Он не успел больше ничего сказать – со стороны маяка тревожно взвыла береговая сирена.
Держать в поле зрения зеленую машину было нетрудно. Марта гнала изо всех сил, но, видно, сил этих в стареньком «Опеле» было уже немного. «Москвичок» – «Свежая выпечка» – не отставал. Водитель, то и дело косясь на Катю, явно забавлялся этой погоней. Мимо проплывали сосны, укрывающиеся в полосах сочной луговой зелени, автобусные остановки, придорожные магазины, а потом снова сосны и дюны. Слева синело море. А затем и справа сквозь сосновый лес забрезжила фиолетовая дымка, словно линия нового горизонта.

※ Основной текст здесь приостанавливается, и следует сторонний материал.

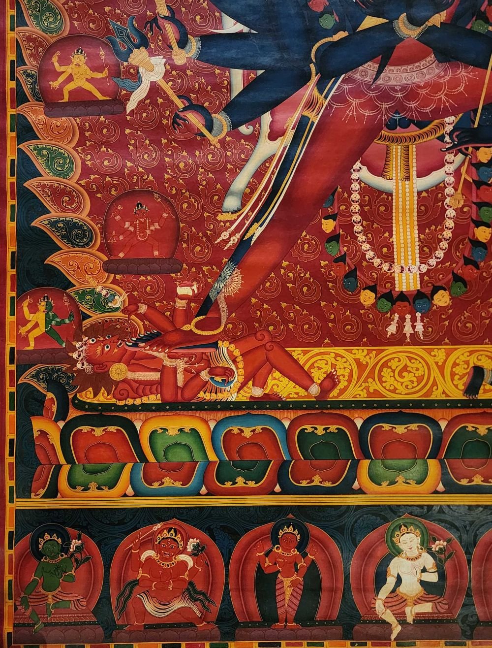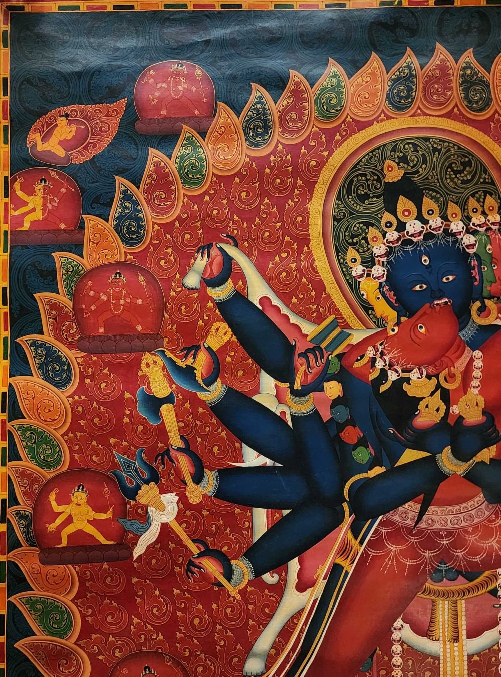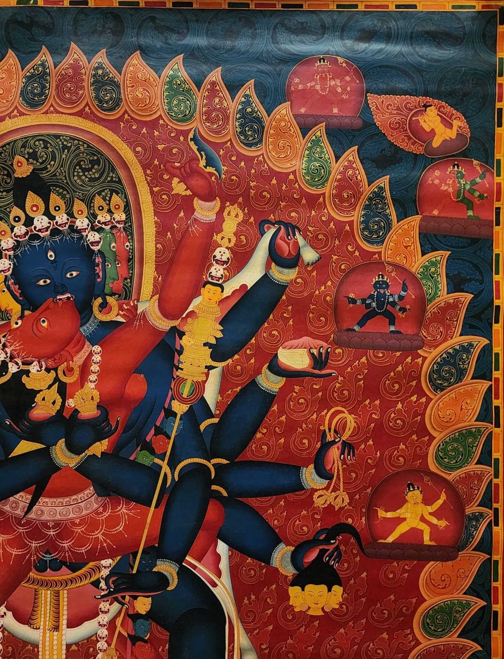 Chakrasamvara is represented with a blue body, four faces and twelve arms in yib-yum union with his swisdom energy Vajravarahi {also known as Vajrayogini}. She holds a skullcap in her left hand behind his back and a vajra headed chopper in her right. The chakra referred to is the chakra of Supreme Bliss. Chakrasamvara is regarded as the most important meditational deity [Yidam] of Vajrayana Buddhism, & primary Yidam of the Kagyu tradition with its origin in the meditation of the eighty four Mahasiddhis of India.
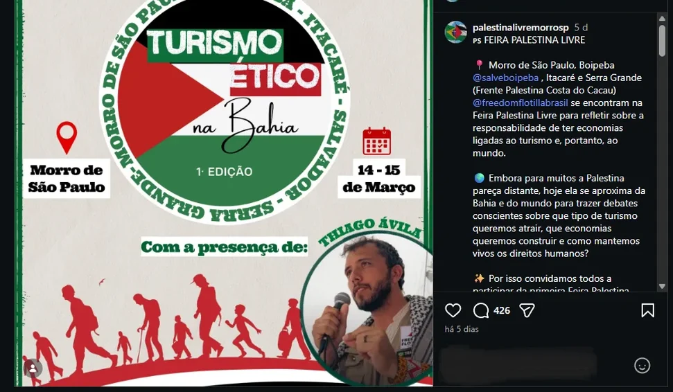 Para Frankenthal, no entanto, a iniciativa levanta preocupações relevantes. “Quando um evento sobre turismo inclui uma ‘Feira Palestina Livre’, é legítimo perguntar qual é a relação direta entre essa pauta e a atividade turística local. Se a proposta fosse apenas discutir sustentabilidade ou turismo responsável, por que introduzir um elemento político ligado a um conflito internacional? Esse tipo de associação levanta dúvidas sobre se o objetivo real é promover debate turístico ou direcionar hostilidade contra visitantes de determinada nacionalidade”, afirma.
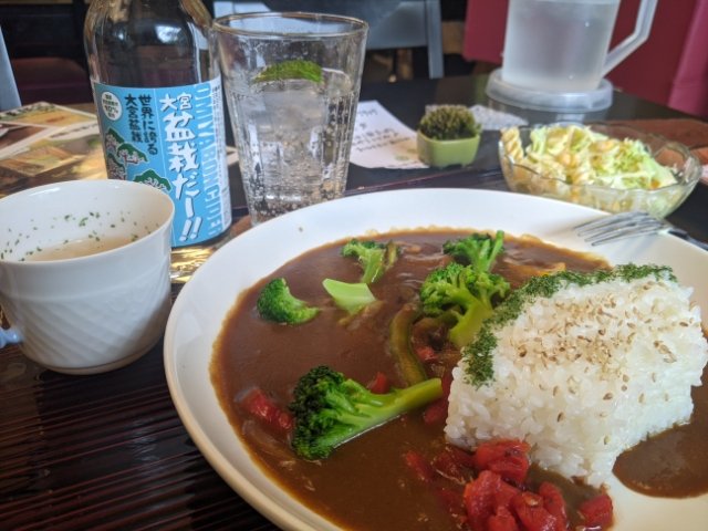 カレーの他にはサラダとスープ、そして「大宮盆栽だー」が付いてきます。ストレートすぎる名前が示す通り、盆栽とサイダーをかけた炭酸飲料です。さいたま市のご当地ドリンクとして2012年に販売開始されました。
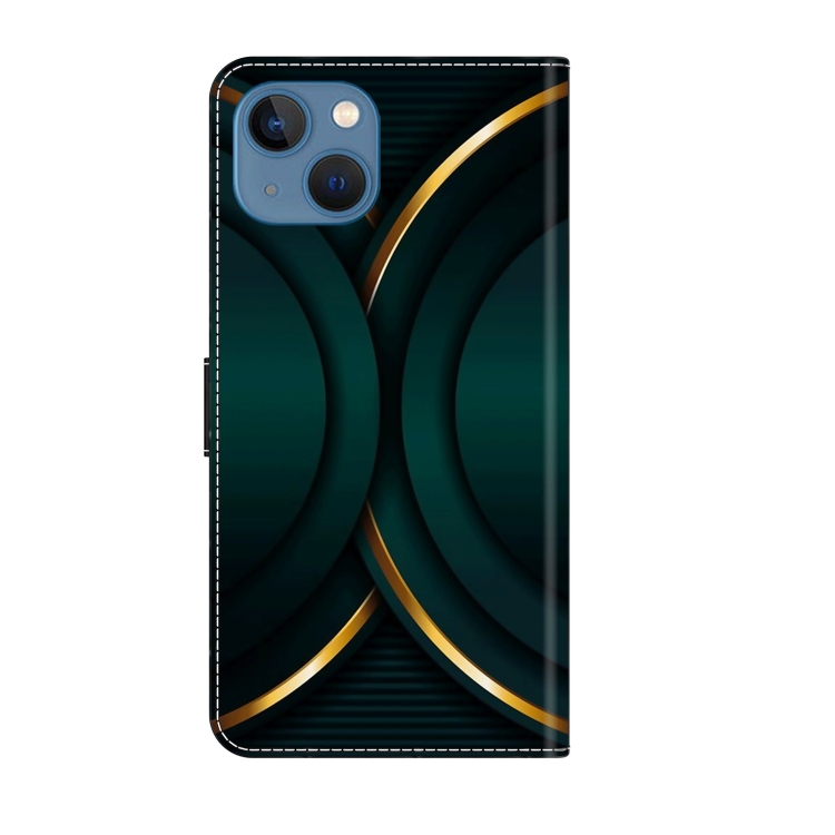Funda Protectora de Cuero para iPhone 13/14 Crystal 3D a Prueba de Golpes (Contorno Dorado)

Живя в Морском и отлично зная, что до залива, отделяющего косу от материка – рукой подать, Катя за эти дни так и не побывала в той стороне. А здесь, в окрестностях Рыбачьего, коса сужалась, являя взору удобную бухту, врезавшуюся в высокий песчаный берег, – так называемую Грабскую петлю.
Лес вдоль шоссе заметно поредел, уступая место обширной пустоши, заканчивавшейся крутым обрывом к заливу. Деревянная лестница вела вниз по склону, дощатый настил покрывал зыбучий песок. Следом за «Опелем», резко сбавившим скорость, «Москвич» тоже замедлил свой ход, и Катя увидела впереди поселок Рыбачий: его удобную гавань, бетонированный мол-волнорез и дома, окружавшие бухту.